What do you think will happen if we account for the repeated measures? Will the F-statistic increase or decrease?
15.2.3 One-Way RM ANOVA
Now, let’s look at the repeated measures. We do this by using afex::aov_4()
and then the summary()
functions as shown below.
oneway <- d %>%
afex::aov_4(words_recalled ~ 1 + (word_type|ID),
data = .)
summary(oneway)
Univariate Type III Repeated-Measures ANOVA Assuming Sphericity
SS num Df Error SS den Df F Pr(>F)
(Intercept) 3042.00 1 381.33 5 39.8864 0.001466 **
word_type 16.33 2 68.33 10 1.1951 0.342453
---
Signif. codes: 0 '***' 0.001 '**' 0.01 '*' 0.05 '.' 0.1 ' ' 1
Mauchly Tests for Sphericity
Test statistic p-value
word_type 0.2134 0.045538
Greenhouse-Geisser and Huynh-Feldt Corrections
for Departure from Sphericity
GG eps Pr(>F[GG])
word_type 0.55972 0.3282
HF eps Pr(>F[HF])
word_type 0.6077293 0.3309148
Here, we see a number of pieces of information, including the sums of squares, F-statistic, and p-value.

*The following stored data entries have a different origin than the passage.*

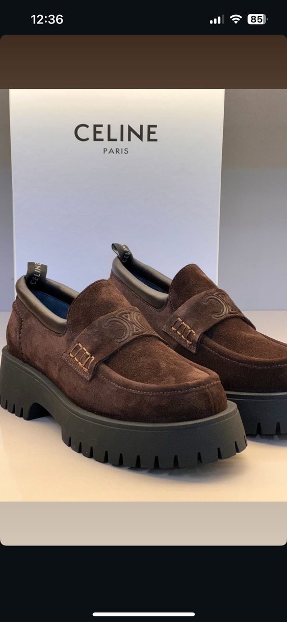 Celine markalı kahverengi süet kadın loafer, platform topuklu ve tokalı detaylıdır. Günlük sokak stiline uygundur.
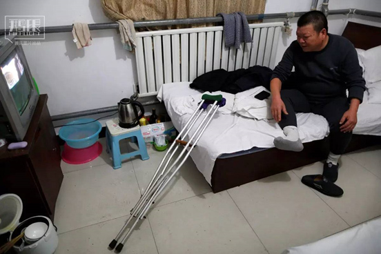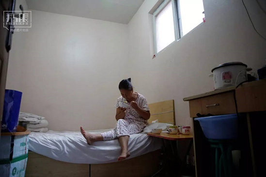 每天,在北京的知名腫瘤醫(yī)院,都有不少背著重重行囊的癌癥患者和家屬沖著優(yōu)質(zhì)的醫(yī)療資源蜂擁而來。被病痛和焦慮折磨的群體中,有許多人出于經(jīng)濟(jì)貧困、療程漫長等種種原因,只能選擇蝸居在醫(yī)院周邊居民住宅中一個個被分割出來的狹小空間內(nèi)……這些聚集著癌癥患者的簡易民居,被人們稱為“癌癥旅館”。圖為2016年6月23日,王女士在北京的一個癌癥旅館里休息。攝影:Kim Kyung-Hoon (來自:騰訊圖片)
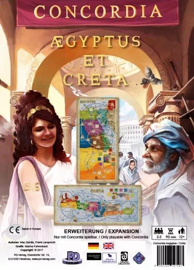 Concordia: Aegyptus / Creta is an expansion for Concordia that contains two maps for new strategic challenges:
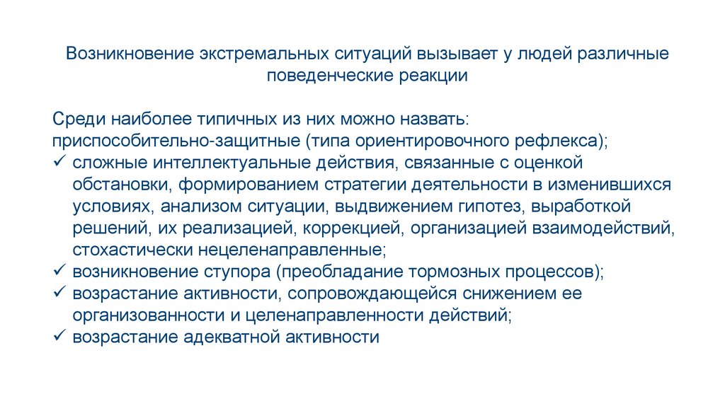 Возникновение экстремальных ситуаций вызывает у людей различныеповеденческие реакции
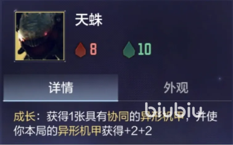 这个阵容角色牌一共有5张,分别是天蛛,孙悟空,机关蛇,凤凰,N22,天蛛具有成长技能,获得1张协同的异形机甲牌,并使用本局的异形机甲拿到+2+2。其他角色就不在这详细解析。
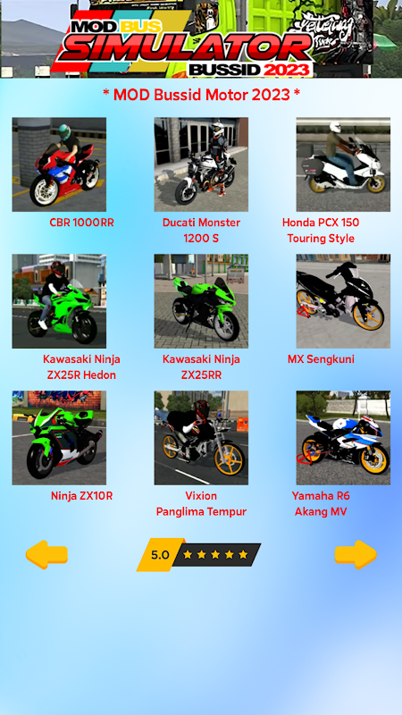 Đối với bản sửa đổi hoàn toàn mô tô kéo mod bussid, chúng tôi có nhiều mô hình thú vị, chẳng hạn như trò chơi mô tô kéo ninja ninja bussid thú vị và rất nhiều trình mô phỏng mô tô kéo bussid 2023 mới nhất mà bạn có thể chơi. Chúng tôi có một bộ sưu tập các mô phỏng kéo động cơ bussid gốc và chi tiết nhất.

The F-statistic is now 1.195 and the p-value (although still not signfiicant) is .342. So what happened to the F-statistic? It decreased! So by using the information that these are repeated measures, we have more power. Why is that?

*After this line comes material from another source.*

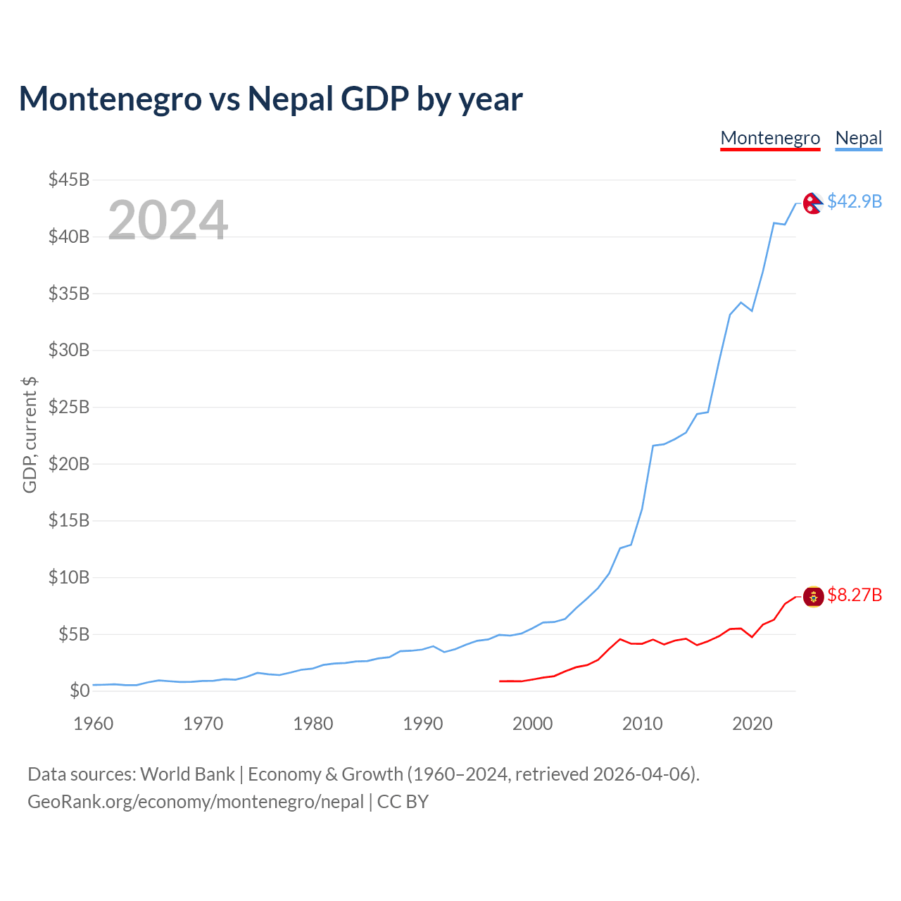 Montenegro vs Nepal GDP by year
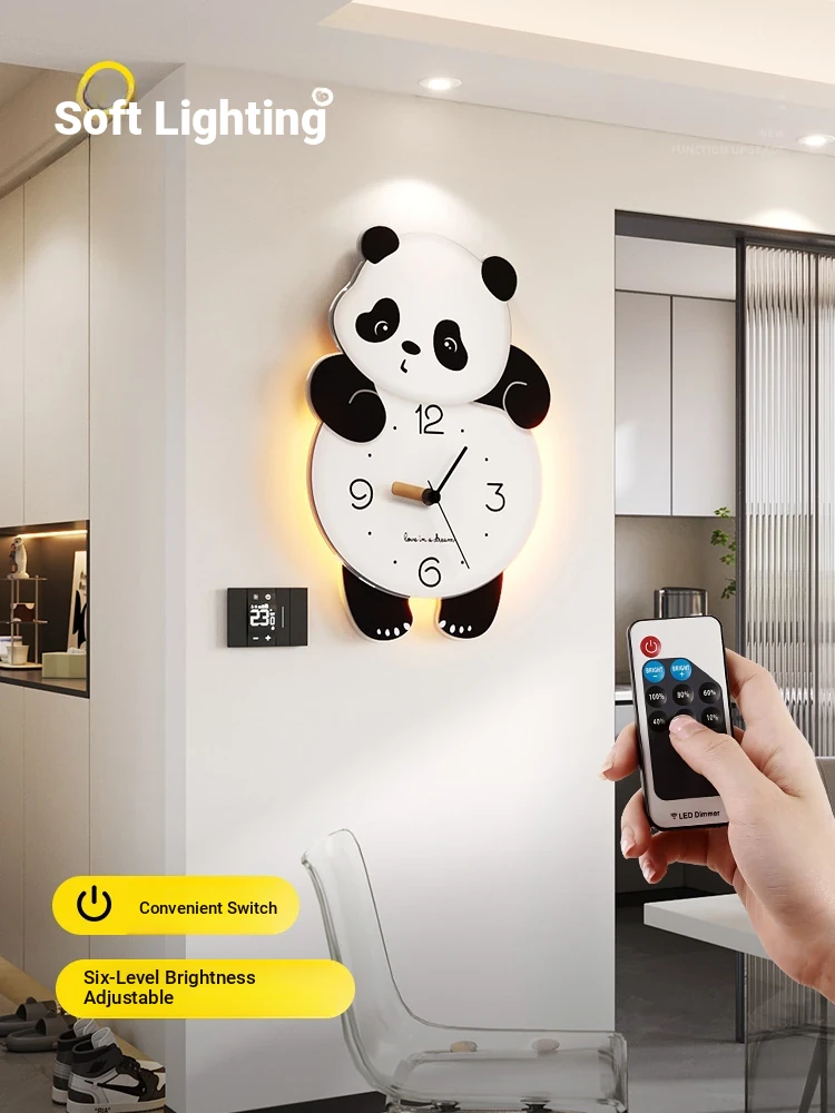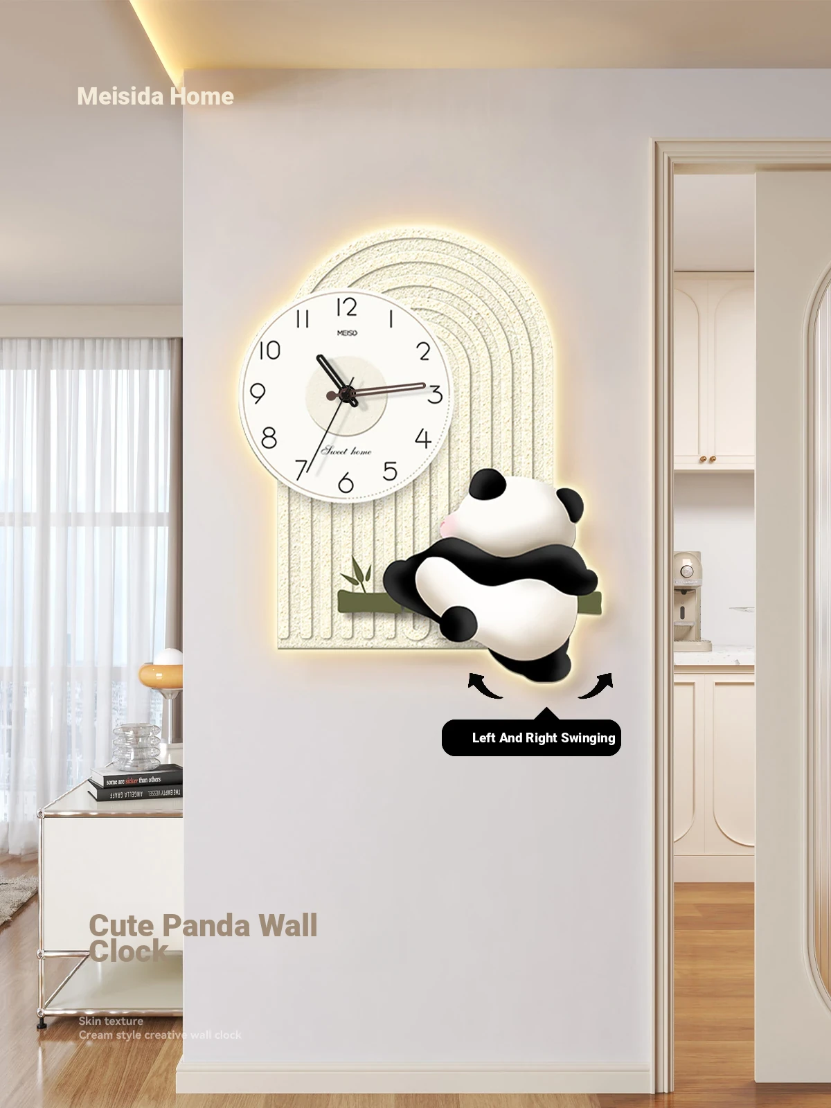 Cute Panda Wall Clock by Meishida - Creative Animal Design for Home, Living Room, and Dining Room - 2025 New Model with Unique Backlight Feature

If we look at the output for the two ANOVAs above, both have the sums of squares for word_type
at 16.33 so that didn’t change at all. So what did change? Well, it comes down to understanding what is happening to the error term. Although not shown explicitly in the tables above, consider that:
\[ \text{Independent ANOVA: } SS_{total} = SS_{bet} + SS_w \]
\[ \text{RM ANOVA: } SS_{total} = SS_{RM} + SS_{sub} + SS_{inter} \]
\(SS_{total}\) is the same in both and \(SS_{RM} = SS_{RM}\) so what we are doing is splitting up the \(SS_w\) into \(SS_{sub} + SS_{inter}\) where only the \(SS_{inter}\) is the error term now.
This means we have more power with the same amount of data.
Let’s now plot this using a spaghetti plot.
d %>%
ggplot(aes(word_type, words_recalled, group = ID)) +
geom_line() +
geom_point()
The output provides us with a bit of an understanding of why there is not a significant effect of word_type
. In addition to a spaghetti plot, it is often useful to show what the overall repeated measure factor is doing, not the individuals (especially if your sample size is larger than 20). To do that, we can use:
oneway %>%
emmeans::emmip(~ word_type)
Although there is a pattern here, we need to consider the scale. Looking at the spaghetti plot, we have individuals that range from 5 to 20 so a difference of 2 or 3 is not large. However, it is clear that a pattern may exist and so we should probably investigate this further, possibly with a larger sample size.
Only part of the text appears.